Stored entries

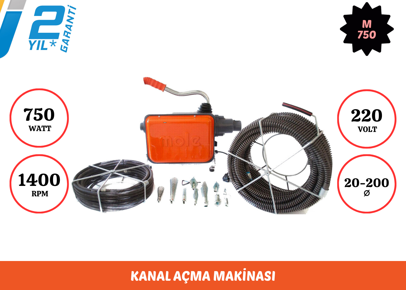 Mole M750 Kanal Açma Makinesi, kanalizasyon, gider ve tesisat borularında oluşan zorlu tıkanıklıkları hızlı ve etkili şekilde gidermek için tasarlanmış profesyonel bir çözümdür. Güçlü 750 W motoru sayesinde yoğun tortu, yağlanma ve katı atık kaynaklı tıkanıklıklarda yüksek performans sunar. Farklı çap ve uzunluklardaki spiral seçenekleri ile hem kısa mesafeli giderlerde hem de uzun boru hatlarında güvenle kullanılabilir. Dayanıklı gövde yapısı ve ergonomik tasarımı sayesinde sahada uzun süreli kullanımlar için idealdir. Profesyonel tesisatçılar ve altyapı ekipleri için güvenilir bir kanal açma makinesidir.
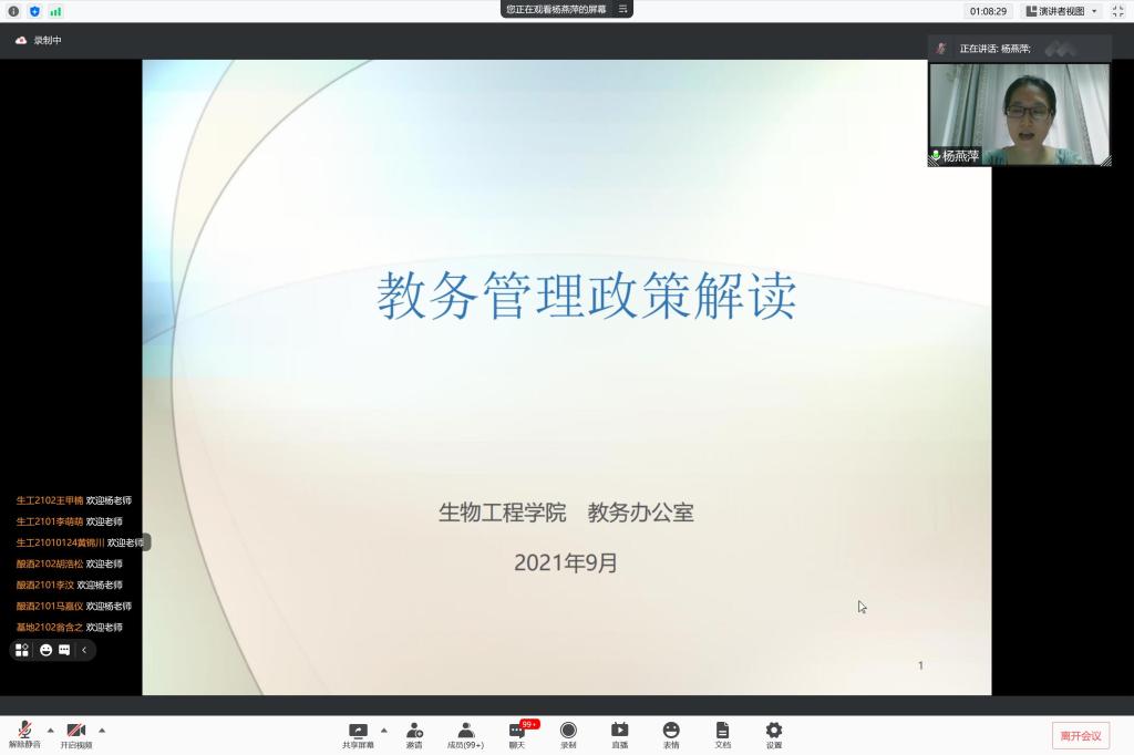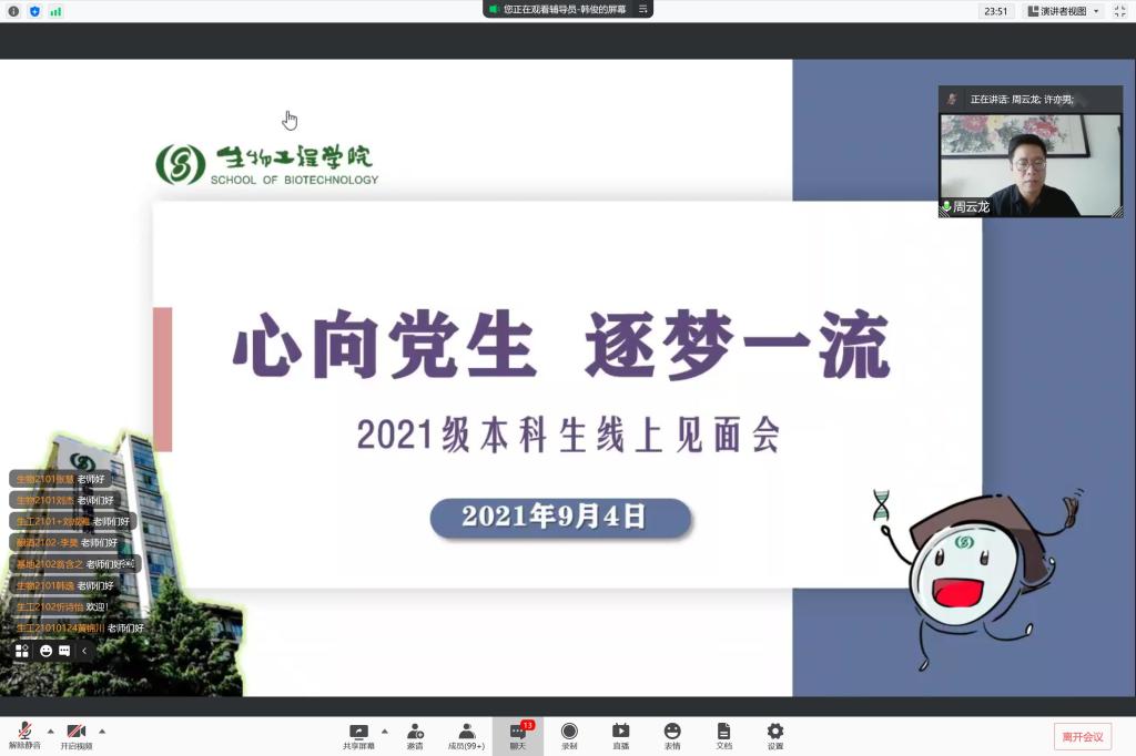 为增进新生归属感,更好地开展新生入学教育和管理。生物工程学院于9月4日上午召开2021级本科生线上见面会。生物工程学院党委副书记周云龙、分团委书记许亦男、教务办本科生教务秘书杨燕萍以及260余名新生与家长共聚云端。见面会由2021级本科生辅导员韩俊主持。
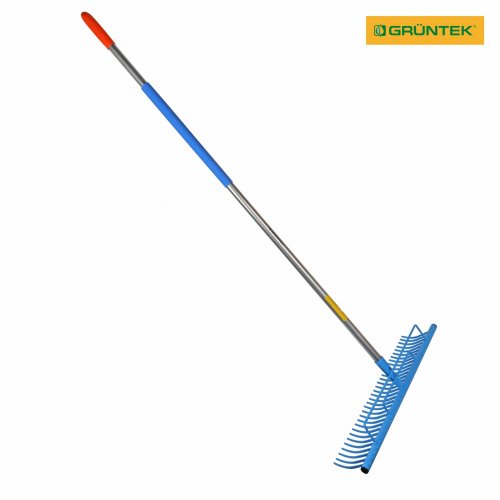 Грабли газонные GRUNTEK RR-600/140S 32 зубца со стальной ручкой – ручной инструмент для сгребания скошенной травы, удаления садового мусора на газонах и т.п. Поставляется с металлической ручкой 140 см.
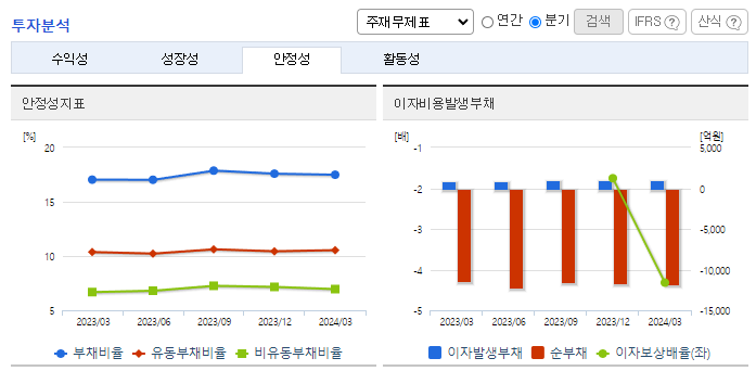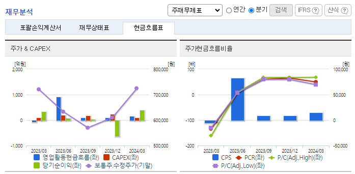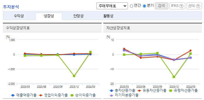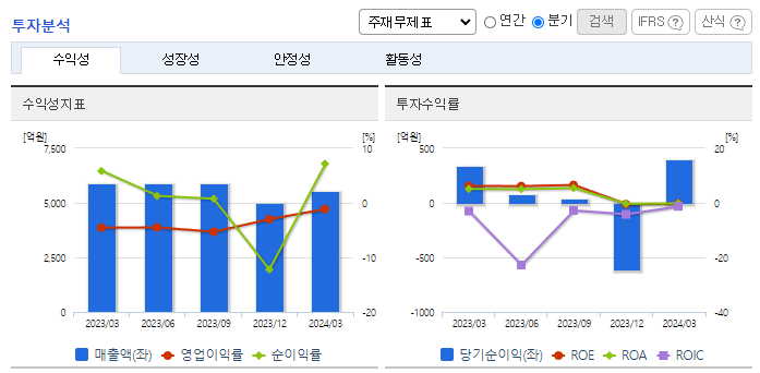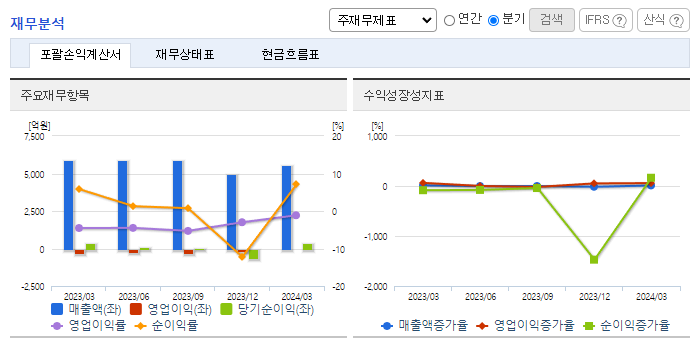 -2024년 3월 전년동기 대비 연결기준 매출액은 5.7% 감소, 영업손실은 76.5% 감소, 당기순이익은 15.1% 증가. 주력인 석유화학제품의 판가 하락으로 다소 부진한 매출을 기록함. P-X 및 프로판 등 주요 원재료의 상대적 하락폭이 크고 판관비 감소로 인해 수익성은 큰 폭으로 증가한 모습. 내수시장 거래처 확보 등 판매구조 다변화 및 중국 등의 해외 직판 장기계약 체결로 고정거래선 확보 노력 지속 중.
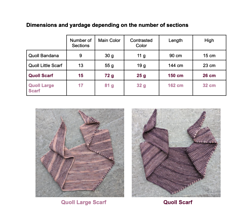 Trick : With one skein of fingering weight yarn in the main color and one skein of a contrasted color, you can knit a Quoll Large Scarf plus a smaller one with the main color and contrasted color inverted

- _TASK DIRECTIONS_: Word for word, restate the records above and drop the pictures.

- _REPLY TO THE EXERCISE_:
 Mole M750 Kanal Açma Makinesi, kanalizasyon, gider ve tesisat borularında oluşan zorlu tıkanıklıkları hızlı ve etkili şekilde gidermek için tasarlanmış profesyonel bir çözümdür. Güçlü 750 W motoru sayesinde yoğun tortu, yağlanma ve katı atık kaynaklı tıkanıklıklarda yüksek performans sunar. Farklı çap ve uzunluklardaki spiral seçenekleri ile hem kısa mesafeli giderlerde hem de uzun boru hatlarında güvenle kullanılabilir. Dayanıklı gövde yapısı ve ergonomik tasarımı sayesinde sahada uzun süreli kullanımlar için idealdir. Profesyonel tesisatçılar ve altyapı ekipleri için güvenilir bir kanal açma makinesidir.
 为增进新生归属感,更好地开展新生入学教育和管理。生物工程学院于9月4日上午召开2021级本科生线上见面会。生物工程学院党委副书记周云龙、分团委书记许亦男、教务办本科生教务秘书杨燕萍以及260余名新生与家长共聚云端。见面会由2021级本科生辅导员韩俊主持。
 Грабли газонные GRUNTEK RR-600/140S 32 зубца со стальной ручкой – ручной инструмент для сгребания скошенной травы, удаления садового мусора на газонах и т.п. Поставляется с металлической ручкой 140 см.
 -2024년 3월 전년동기 대비 연결기준 매출액은 5.7% 감소, 영업손실은 76.5% 감소, 당기순이익은 15.1% 증가. 주력인 석유화학제품의 판가 하락으로 다소 부진한 매출을 기록함. P-X 및 프로판 등 주요 원재료의 상대적 하락폭이 크고 판관비 감소로 인해 수익성은 큰 폭으로 증가한 모습. 내수시장 거래처 확보 등 판매구조 다변화 및 중국 등의 해외 직판 장기계약 체결로 고정거래선 확보 노력 지속 중.
 Trick : With one skein of fingering weight yarn in the main color and one skein of a contrasted color, you can knit a Quoll Large Scarf plus a smaller one with the main color and contrasted color inverted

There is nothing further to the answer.